Starting at the line that holds "万亩花卉苗木为生态本底,北林区域已实 药 184" and stopping at the line that holds "MPA-S-112-A 12V 10A", restate the records below word for word, with both of those lines included.
*** Records for the task ***
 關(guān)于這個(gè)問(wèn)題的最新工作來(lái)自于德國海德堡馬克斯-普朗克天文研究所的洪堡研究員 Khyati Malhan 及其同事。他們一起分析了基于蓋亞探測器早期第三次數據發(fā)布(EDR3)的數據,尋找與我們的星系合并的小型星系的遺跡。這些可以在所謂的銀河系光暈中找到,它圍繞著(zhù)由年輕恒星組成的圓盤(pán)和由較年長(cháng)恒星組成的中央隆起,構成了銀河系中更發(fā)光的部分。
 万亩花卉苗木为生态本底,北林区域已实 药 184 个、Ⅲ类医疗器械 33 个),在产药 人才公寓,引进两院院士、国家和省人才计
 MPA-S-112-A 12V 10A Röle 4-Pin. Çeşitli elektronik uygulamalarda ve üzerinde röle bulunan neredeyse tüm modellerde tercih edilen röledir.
*** End of Records for the task ***
*** Records for the task ***
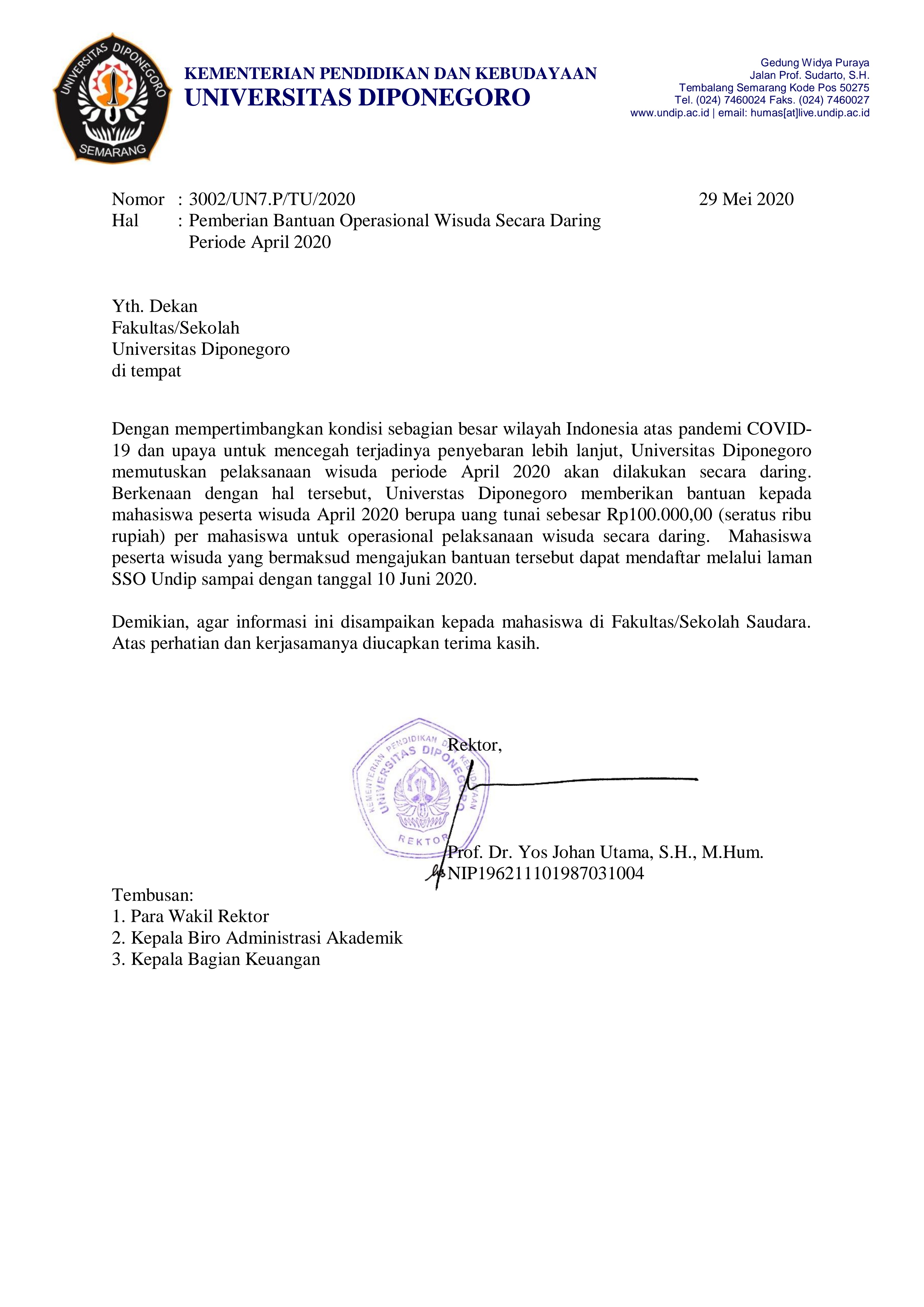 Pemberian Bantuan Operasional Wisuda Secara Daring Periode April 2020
*** End of Records for the task ***
Response area -
 万亩花卉苗木为生态本底,北林区域已实 药 184 个、Ⅲ类医疗器械 33 个),在产药 人才公寓,引进两院院士、国家和省人才计
 MPA-S-112-A 12V 10A Röle 4-Pin. Çeşitli elektronik uygulamalarda ve üzerinde röle bulunan neredeyse tüm modellerde tercih edilen röledir.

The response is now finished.